Years later Dr. Chávez would still tell this story, and years after he passed away his daughter would herself keep the tale circulating. How he had come home from that first, and it turned out only, portrait seating in something of a daze. His wife had been prescient: Varo did ask questions to inform the painting. But the couple hadn’t prepared the right answers. How does one prepare an answer to a question like, “How many scoops of stars are appropriate for a cake recipe calling for a bushel of wishes and ten clothespins?” Or, “Which species of bird are you least likely to allow your eldest son to apprentice with?” Or, at one point, a string of nonsense syllables that suggested Varo had, momentarily, been possessed.
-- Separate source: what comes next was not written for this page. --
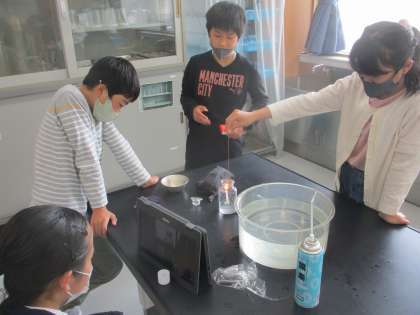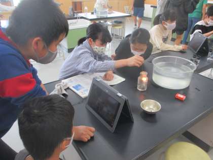 気体を入れた集気瓶にろうそくを入れると、火がすぐに消えたり、激しく燃えたりしました。その様子をクロームブックで撮影しました。

And yet when the completed painting was delivered, it was exactly as Dr. Chávez had imagined, as if Varo had transcribed one of his dreams. The seating had felt, in retrospect, like he was having his fortune told, and in the painting Varo had indeed laid a clear path for him. She had depicted him holding a key and inserting it into the chest of what he took to be one of his patients. When Dr. Chávez’s daughter hung the work in his office at the hospital, she also presented to him a tiny tin key, and the key would rest alongside the foot and the heart until the day he died.